ABSTRACT:Background and aim:
The role of tobacco as a risk factor for dental caries is yet to be established firmly.
The present study was undertaken to evaluate the association of tobacco habits with dental caries and Streptococcus mutans
Materials and Methods: A cross sectional, analytical study was conducted among 345 subjects aged 18-65 years, which were divided into 3 groups as smokers, smokeless tobacco chewers and non-tobacco users. Data regarding tobacco use was collected using a questionnaire. Caries status was assessed using WHO Oral Health Assessment Form for Adults-2013. Unstimulated whole saliva sample was collected for observing Streptococcus mutans colonies.
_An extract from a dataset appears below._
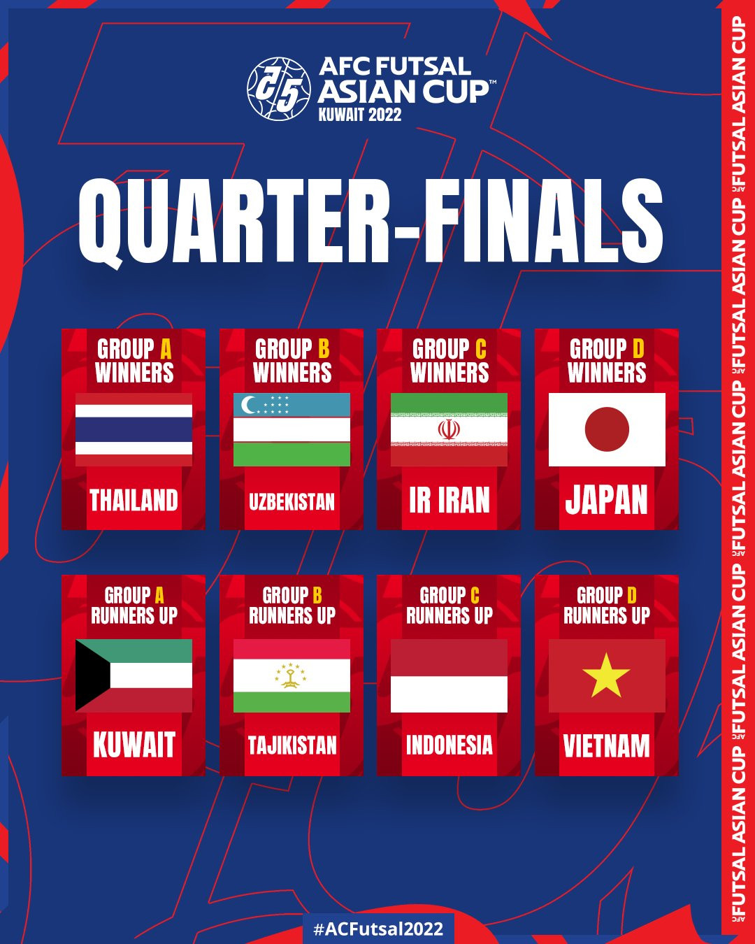 Trong khi đó, Nhật Bản - nhất bảng D chỉ phải gặp tuyển futsal Indonesia ở tứ kết sau khi giành ngôi nhất bảng từ tay ĐT Việt Nam.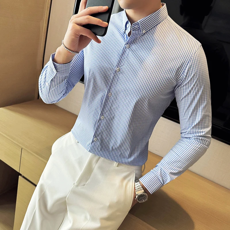 Stripe Shirt for Men Korean Luxury Clothing Long Sleeve Men's Social Shirt Dress Front Pocket Design Slim Fit Casual Prom Tuxedo

Statistical Analysis: ANOVA (Analysis of variance) and the post hoc test using Fisher’s least significant difference (LSD) test. Pearson’s correlation was done to assess the degree of correlation of DMFT with tobacco use and Streptococcus mutans.
Results: Smokeless tobacco users had highest mean DMFT (9.06±2.37) followed by smokers and non-tobacco users. The tobacco users with high Streptococcus mutans count had higher caries prevalence as compared to non-tobacco users. A statistically significant relation was found between caries prevalence and tobacco use.
Conclusion: The results revealed increased number of Streptococcus mutans count in smokeless tobacco users followed by smokers and non-smokers which may indicate increased caries susceptibility among tobacco users.